Without any of the pictures, transcribe all the lines below exactly.
***** Exercise input *****
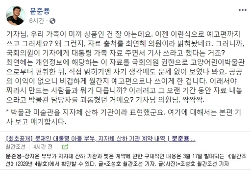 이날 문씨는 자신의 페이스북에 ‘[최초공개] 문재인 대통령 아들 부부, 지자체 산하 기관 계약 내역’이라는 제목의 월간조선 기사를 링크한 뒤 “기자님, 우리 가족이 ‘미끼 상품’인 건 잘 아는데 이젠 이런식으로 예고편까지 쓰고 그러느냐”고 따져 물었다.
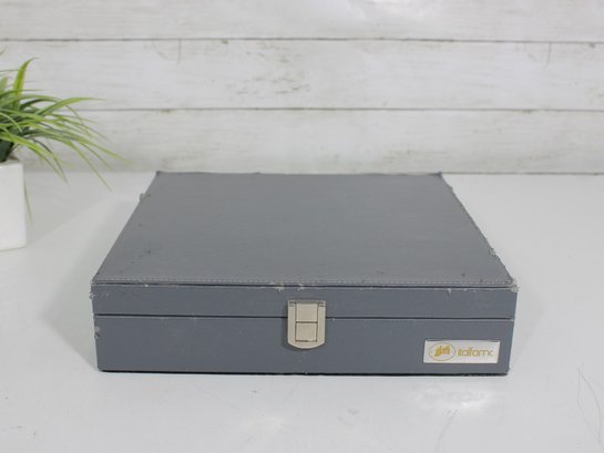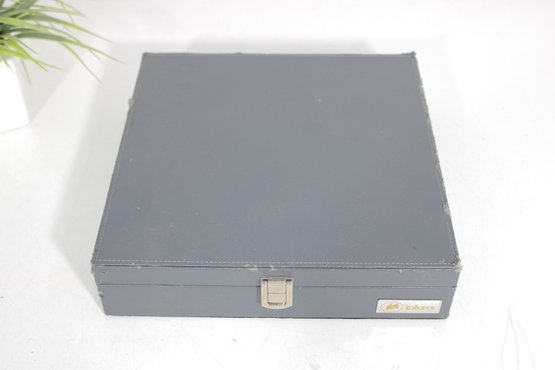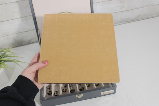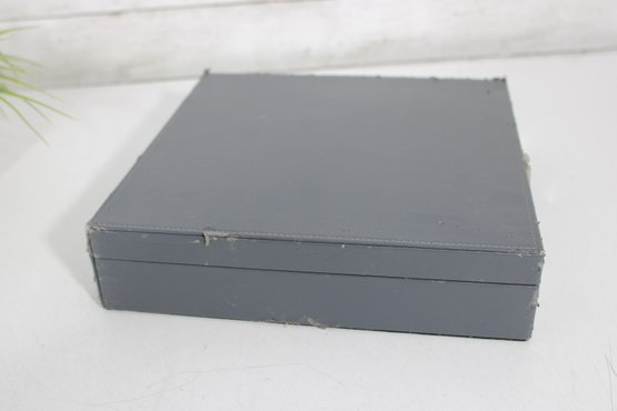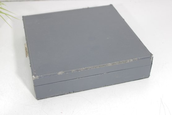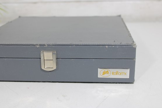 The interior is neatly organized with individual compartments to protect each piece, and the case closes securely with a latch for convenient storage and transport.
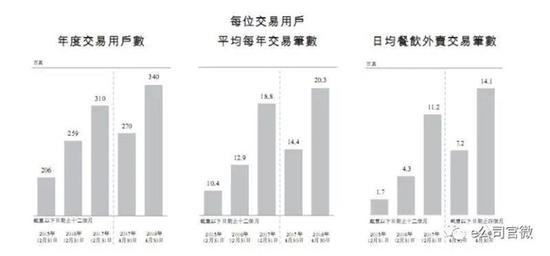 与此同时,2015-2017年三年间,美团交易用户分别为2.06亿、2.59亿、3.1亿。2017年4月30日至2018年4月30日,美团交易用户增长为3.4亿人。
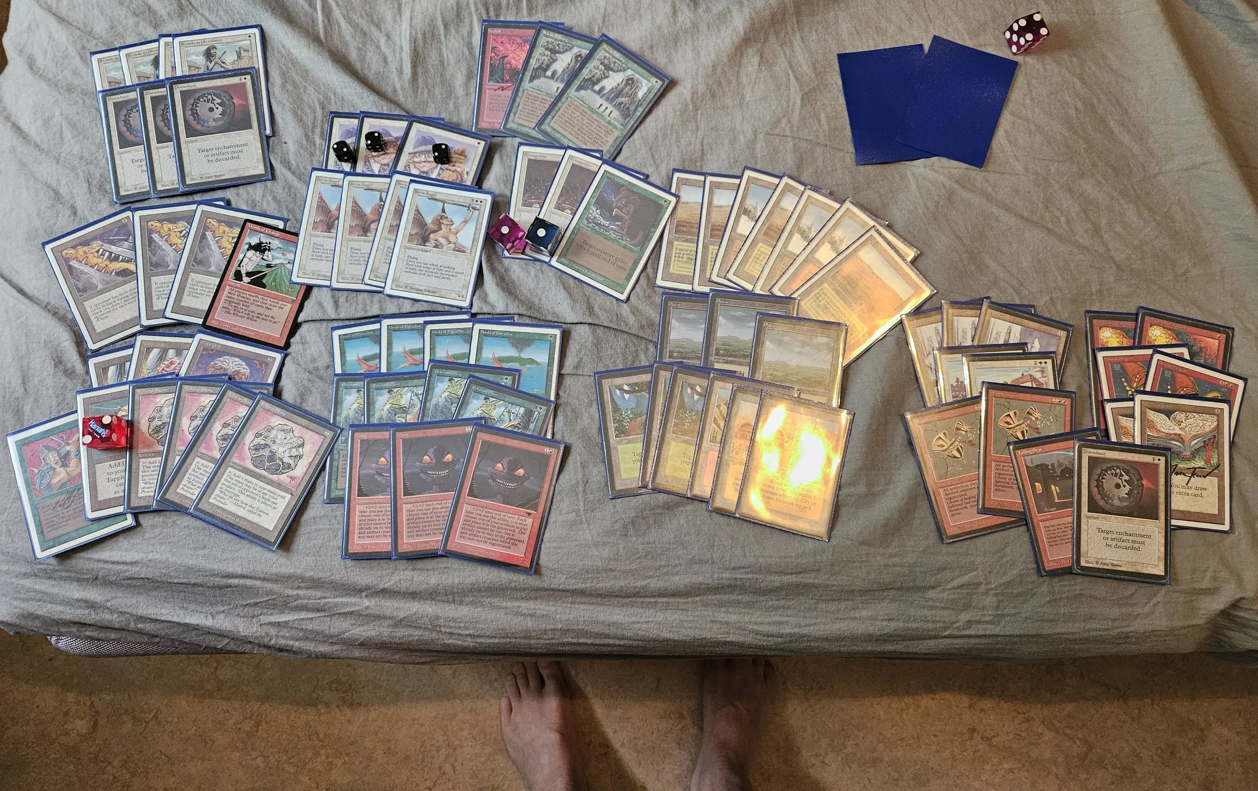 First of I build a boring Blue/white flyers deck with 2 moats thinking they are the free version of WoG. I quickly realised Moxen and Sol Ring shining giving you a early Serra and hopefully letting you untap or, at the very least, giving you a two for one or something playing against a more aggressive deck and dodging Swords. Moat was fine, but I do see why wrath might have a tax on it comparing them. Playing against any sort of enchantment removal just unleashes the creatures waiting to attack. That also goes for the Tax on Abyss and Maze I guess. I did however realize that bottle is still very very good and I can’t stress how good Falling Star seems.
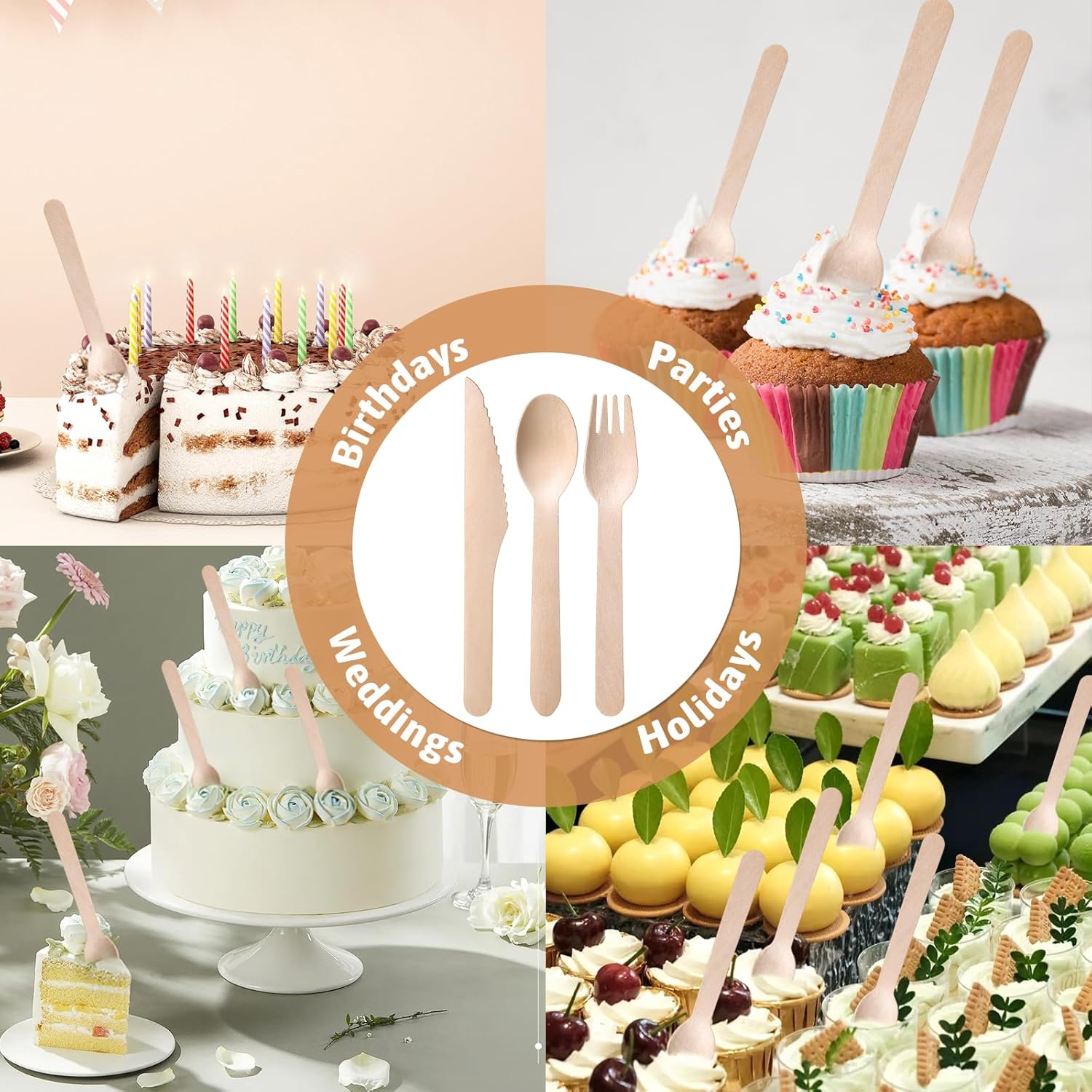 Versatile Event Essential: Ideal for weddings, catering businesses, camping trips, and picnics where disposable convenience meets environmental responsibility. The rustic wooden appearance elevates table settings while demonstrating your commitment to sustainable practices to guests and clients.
*****
== Answer below ==
 이날 문씨는 자신의 페이스북에 ‘[최초공개] 문재인 대통령 아들 부부, 지자체 산하 기관 계약 내역’이라는 제목의 월간조선 기사를 링크한 뒤 “기자님, 우리 가족이 ‘미끼 상품’인 건 잘 아는데 이젠 이런식으로 예고편까지 쓰고 그러느냐”고 따져 물었다.
 The interior is neatly organized with individual compartments to protect each piece, and the case closes securely with a latch for convenient storage and transport.
 与此同时,2015-2017年三年间,美团交易用户分别为2.06亿、2.59亿、3.1亿。2017年4月30日至2018年4月30日,美团交易用户增长为3.4亿人。
 First of I build a boring Blue/white flyers deck with 2 moats thinking they are the free version of WoG. I quickly realised Moxen and Sol Ring shining giving you a early Serra and hopefully letting you untap or, at the very least, giving you a two for one or something playing against a more aggressive deck and dodging Swords. Moat was fine, but I do see why wrath might have a tax on it comparing them. Playing against any sort of enchantment removal just unleashes the creatures waiting to attack. That also goes for the Tax on Abyss and Maze I guess. I did however realize that bottle is still very very good and I can’t stress how good Falling Star seems.
 Versatile Event Essential: Ideal for weddings, catering businesses, camping trips, and picnics where disposable convenience meets environmental responsibility. The rustic wooden appearance elevates table settings while demonstrating your commitment to sustainable practices to guests and clients.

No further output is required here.